4 Reasons The May 1 Election Matters For North Texans
North Texans will head to the voting booth this Saturday, May 1. Dozens of races are on the ballot for local elections in cities across the region, including Fort Worth mayor, Fort Worth City Council, Dallas City Council, Arlington mayor and some Arlington City Council seats.
Here’s the 4-1-1:
1. These Seats Matter
A city council member's job is to propose policy and vote on how city money is spent. The mayor either runs a city and oversees all of its services, or has a hand in hiring and firing the person who does those things — the city manager.

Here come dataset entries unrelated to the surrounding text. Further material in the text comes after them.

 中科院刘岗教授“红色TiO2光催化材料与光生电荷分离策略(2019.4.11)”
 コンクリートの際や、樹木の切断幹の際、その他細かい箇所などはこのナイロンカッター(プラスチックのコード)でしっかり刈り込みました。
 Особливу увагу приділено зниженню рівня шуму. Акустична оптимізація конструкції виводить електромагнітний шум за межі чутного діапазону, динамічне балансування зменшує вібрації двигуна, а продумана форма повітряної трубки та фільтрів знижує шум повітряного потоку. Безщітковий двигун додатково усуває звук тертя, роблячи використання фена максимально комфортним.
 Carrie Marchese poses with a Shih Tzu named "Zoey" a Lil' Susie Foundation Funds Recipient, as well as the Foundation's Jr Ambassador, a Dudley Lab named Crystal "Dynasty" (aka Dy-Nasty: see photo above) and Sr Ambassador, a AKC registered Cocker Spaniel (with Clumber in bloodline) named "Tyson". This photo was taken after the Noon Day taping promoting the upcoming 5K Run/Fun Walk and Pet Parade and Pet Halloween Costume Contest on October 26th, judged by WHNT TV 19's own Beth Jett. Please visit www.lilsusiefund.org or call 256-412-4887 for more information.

Even in a “weak mayor” system, where a mayor is just one vote on the city council, he or she affects the day-to-day lives of residents.

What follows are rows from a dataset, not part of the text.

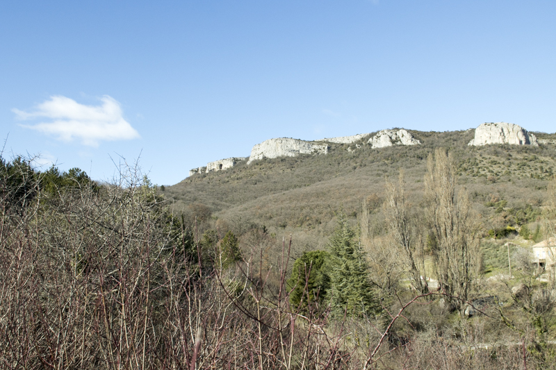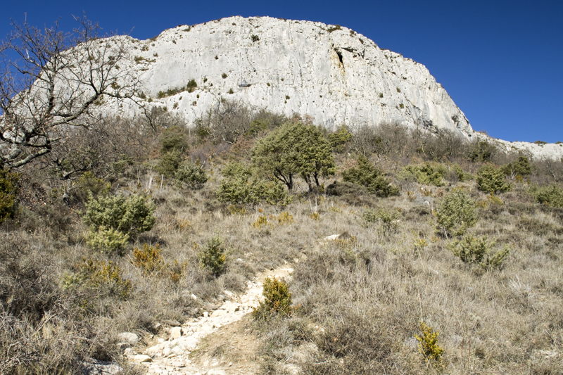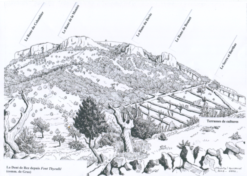 C’est l’occasion de constater l’importance des anciennes terrasses de culture sur tout ce secteur des Reynouard, avec d’énormes clapas d’épierrement. Plus à l’ouest, sur les pentes de Serre Bourret, les murs de soutènement en pierre sèche se cachent sous une végétation invasive. Les anciennes cartes postales sont d’excellents documents pour suivre cette déprise agricole. Face à nous, la muraille de la Dent de Rez avec ses quatre rancs, d’ouest en est : du Colombier, de la Montre, du Devès et de Bounet, chers à Chantal Rouchouse. Un court temps d’arrêt au Col d’Eyrole, qui fut une voie de passage entre la vallée du Rhône et les Cévennes.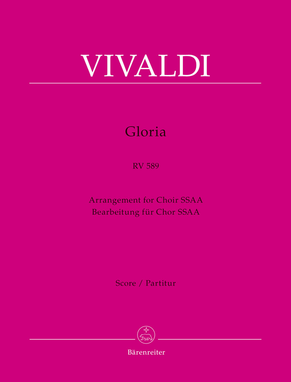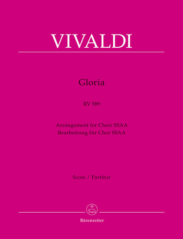**Title**: Gloria RV 589 | **Arranged for**: Arrangement for Choir SSAA | **Composer / Author**: Vivaldi, Antonio | **Editor**: Bruno, Malcolm | **Preface**: Bruno, Malcolm | **Edition Type**: Score | **Scoring/ Instrumentation**: Soprano solo (2), Alto solo, Female choir: SSAA, Orchestra | **Binding**: Stapled | **Printing**: 4th printing 2021 | **Language of Text Part**: Latin | **Weight**: 251.0 g | **Format**: 31,0 x 24,3 cm | **Pages**: VI, 49 S. | **Language**: EN | Sample: https://data.baerenreiter.com/NB/BA/BA08953_00_9790006541669_nb_lrg_01.jpg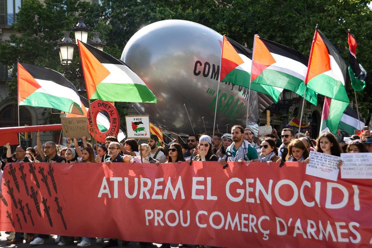 La pancarta de la cabecera mostraba la leyenda 'Paremos el genocidio en Palestina. Basta de comercio de armas con Israel'.

“The mayor names, pretty much, the chair of every committee,” retired journalist O.K. Carter said of Arlington. “The mayor has the lectern.”
2. Open Seats Lead To More Candidates
In Fort Worth, Mayor Betsy Price, the city’s longest-serving mayor, is not running for reelection and her departure means a slew of candidates are vying for her seat.
Two city council members, Ann Zadeh and Brian Byrd, are among the 10 people running to replace her. Another council member is retiring, leaving three vacancies along with the mayor’s seat.
“We haven’t had that much turnover in more than 20 years. Maybe even longer than that,” said Kenneth Barr, mayor of Fort Worth from 1996 to 2003.
There are also many names on the ballot in Dallas. But not for mayor, because Mayor Eric Johnson is in the middle of a four-year term. Instead, a total of 56 people are running for 14 city council seats.
Three of the seats, Districts 2, 11 and13 are open because incumbents have hit their term limits.
“The literature and political science tells us that more people run when there's open seats," said Andrea Silva, professor of political science at the University of North Texas. “So it makes total sense that...term limits will bring a completely different, completely new player to this game.”
In Arlington, there are seven candidates running to replace current Mayor Jeff Williams, who has also hit his term limit.
3. Activists Are Running In Dallas
In Dallas, the opportunity to set policy as a council member is motivating new candidates to enter the field. Many of the people running for office are activists that work for nonprofits that advocate for police reform, racial equality and social justice.
“As an activist, the most you can do is signal for local change, but then, what if you had the opportunity to actually be in that seat?” Silva said.
Although making the leap from activism to politics is a trend that can be traced throughout history, according to Silva, the past year has pushed community organizers to trade protesting for a seat at the table.
“Protests are important. They're important as like a thermometer, as like a signal to elected officials about what residents are mad about and what they want to change. But that doesn't necessarily correlate with a change, unless you can execute directives,” said Silva.
4. Turnout Is Typically Low, But Doesn’t Have To Be
Cities in North Texas have much lower turnout in local elections than places like Portland, Oregon and Louisville, Kentucky.
Part of that is because many local elections are often not aligned with the big November elections for president or governor.
“We all have our lives and we all have our own individual priorities and our bandwidth is only so broad,” said UT-Arlington political scientist Rebecca Deen. “Because there are so many different elections and election cycles, something’s gotta give, and it’s usually the off-years.”
Deen said that when turnout is low, there’s less incentive for elected leaders to respond to the public — they only have to play to the small slice of people who voted for them.
Still, it wouldn’t take a significant number of new voters to upset the traditional pattern. In May 2019, 18,132 people voted in the Arlington mayoral election. This past fall, a couple of citywide elections pulled in over 100,000 votes.
How To Vote
Election Day is May 1 (Yup, this Saturday!). Early voting ends Tuesday, April 27.
To vote, the first step is to make sure you’re registered. To check your registration status, go to this Texas Secretary of State website.
Next step, find out where you can vote! To vote in person you must do so in the county where you live. Most locations are open from 7 a.m. - 7 p.m. For more accurate times and addresses, here’s a list.
Some tips: Don't forget your photo ID. If you have misplaced it or are having trouble getting one, you can present a birth certificate, bank statement, utility bill or paycheck.